I reni sono colpiti particolarmente spesso, ma possono essere interessati anche fegato e polmoni. Nei casi gravi possono verificarsi insufficienza acuta degli organi e morte. Se, dopo un possibile contatto a rischio, il vostro cane presenta febbre, vomito, forte debolezza o cambiamenti nel consumo di acqua e nella minzione, rivolgetevi immediatamente a uno studio o a una clinica veterinaria.

Diagnosi e trattamento

Molti di questi disturbi possono comparire anche in altre malattie. La leptospirosi non può quindi essere diagnosticata soltanto sulla base dei sintomi. Per la diagnosi vengono analizzati sangue e urina. A seconda della fase della malattia possono essere necessari anche la ricerca diretta dell’agente patogeno mediante PCR e test anticorpali.

La leptospirosi viene generalmente trattata con antibiotici. Le ulteriori misure dipendono dagli organi coinvolti. I cani gravemente malati devono spesso essere ricoverati e trattati con infusioni o cure intensive. Quanto prima inizia la terapia, tanto migliori sono le prospettive. Tuttavia, eventuali danni già insorti a reni, fegato o polmoni possono permanere.

La leptospirosi è una zoonosi

La leptospirosi può essere trasmessa dagli animali all’uomo. Il rischio maggiore deriva dal contatto diretto con l’urina di un cane infetto, nonché con oggetti o superfici contaminati.

In caso di sospetto o di diagnosi confermata, evitate il contatto con l’urina. Indossate guanti monouso durante la pulizia e lavatevi poi accuratamente le mani. Le superfici contaminate devono essere pulite e disinfettate secondo le indicazioni del veterinario. Se dopo un possibile contatto compaiono disturbi nelle persone, consultate un medico e segnalate la possibile esposizione alle leptospire.

Protezione mediante vaccinazione

Sono disponibili vaccini contro diverse varianti di leptospire rilevanti per i cani. La vaccinazione viene di norma somministrata nell’ambito dell’immunizzazione di base insieme ad altri vaccini. Riduce il rischio di malattia, ma non protegge da tutte le varianti presenti. Rimane quindi importante prestare attenzione in prossimità di punti d’acqua potenzialmente contaminati.

Fate controllare regolarmente lo stato vaccinale del vostro cane dal veterinario. Il programma vaccinale adatto dipende, tra l’altro, dal vaccino utilizzato, dall’età del cane e dal suo precedente stato vaccinale.

Come ridurre il rischio

Evitate per quanto possibile che il vostro cane beva da pozzanghere, pozze o punti d’acqua sconosciuti e tenetelo lontano da aree molto fangose o visibilmente contaminate.
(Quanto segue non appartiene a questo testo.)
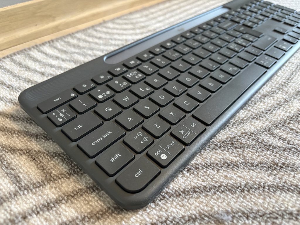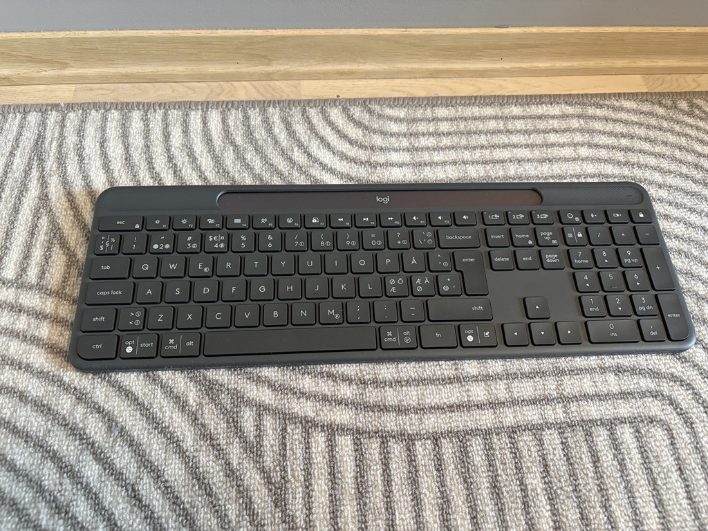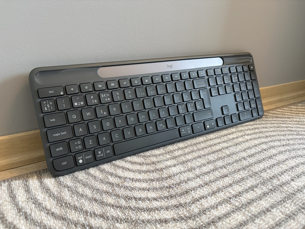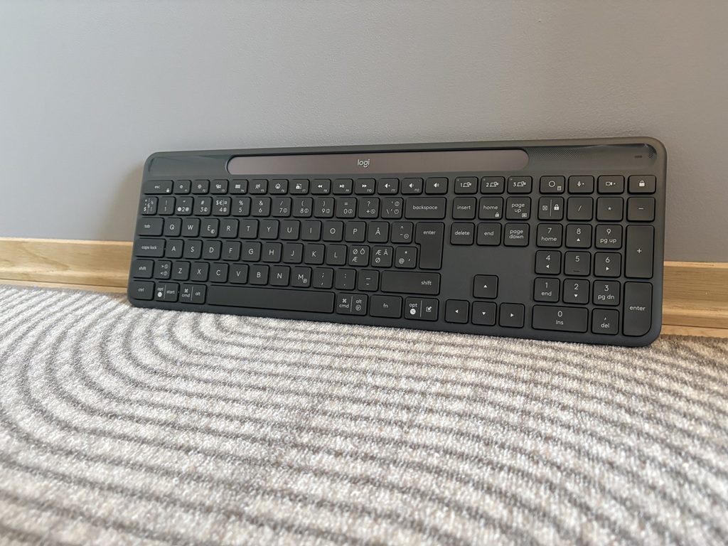 K980 er også et pent tastatur. Det oppleves som slankt, moderne og solid. Tastaturet har en lav profil og en lav støttepute bak som antageligvis er stedet der batteriet ligger. Men ingen klaffer for å heve tastaturet ytterligere.
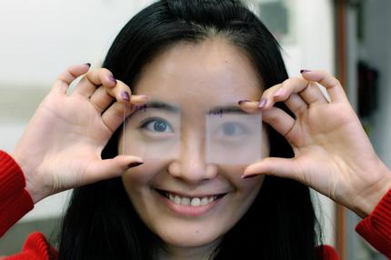 MPI für PolymerforschungMengyuan Li mit zwei dünnen PVDF Proben: rechts, milchige, raue PVDF Folie, die konventionell hergestellt wurde und links: transparente glatte PVDF Folie, die mit verbesserten Verfahren hergestellt wurde.

Durante le passeggiate portate sempre con voi acqua potabile fresca e offritela regolarmente al cane, affinché non debba ricorrere a fonti d’acqua potenzialmente contaminate. Poiché i roditori possono diffondere le leptospire con l’urina, conservate alimenti e rifiuti in modo da non attirare ratti o topi.
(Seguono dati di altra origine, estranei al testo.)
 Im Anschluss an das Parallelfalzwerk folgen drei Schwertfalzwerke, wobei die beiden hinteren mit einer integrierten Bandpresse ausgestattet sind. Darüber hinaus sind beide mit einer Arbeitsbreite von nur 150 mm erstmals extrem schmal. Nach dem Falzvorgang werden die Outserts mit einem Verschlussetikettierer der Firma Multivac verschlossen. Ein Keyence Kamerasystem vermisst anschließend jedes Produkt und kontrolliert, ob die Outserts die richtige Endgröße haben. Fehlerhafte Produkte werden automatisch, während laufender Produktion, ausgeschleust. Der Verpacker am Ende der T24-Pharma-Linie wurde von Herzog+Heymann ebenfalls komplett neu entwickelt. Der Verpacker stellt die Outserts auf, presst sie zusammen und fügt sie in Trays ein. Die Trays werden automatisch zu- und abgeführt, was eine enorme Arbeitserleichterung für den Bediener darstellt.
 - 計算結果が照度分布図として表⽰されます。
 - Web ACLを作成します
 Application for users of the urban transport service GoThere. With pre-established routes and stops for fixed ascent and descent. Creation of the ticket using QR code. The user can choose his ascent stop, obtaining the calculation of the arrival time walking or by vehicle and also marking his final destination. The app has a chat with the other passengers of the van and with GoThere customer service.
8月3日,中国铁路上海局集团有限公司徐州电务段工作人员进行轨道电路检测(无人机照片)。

Una protezione completa purtroppo non è possibile. Tuttavia, una vaccinazione aggiornata contro le leptospire, acqua potabile fresca durante le uscite e un po’ di prudenza presso punti d’acqua sconosciuti possono ridurre nettamente il rischio. Se dopo un possibile contatto compaiono disturbi, chiedete tempestivamente consiglio al veterinario.

Uscire, scoprire, divertirsi

Le passeggiate insieme tra boschi e prati, un’escursione in montagna, i contatti con altri cani o un bagno rinfrescante fanno parte, per molti cani, di una quotidianità varia e appagante. L’importante non è evitare ogni possibile rischio, ma saperlo valutare. Con un po’ di conoscenza e attenzione, la vita quotidiana con il proprio cane può essere vissuta proprio per questo con maggiore serenità.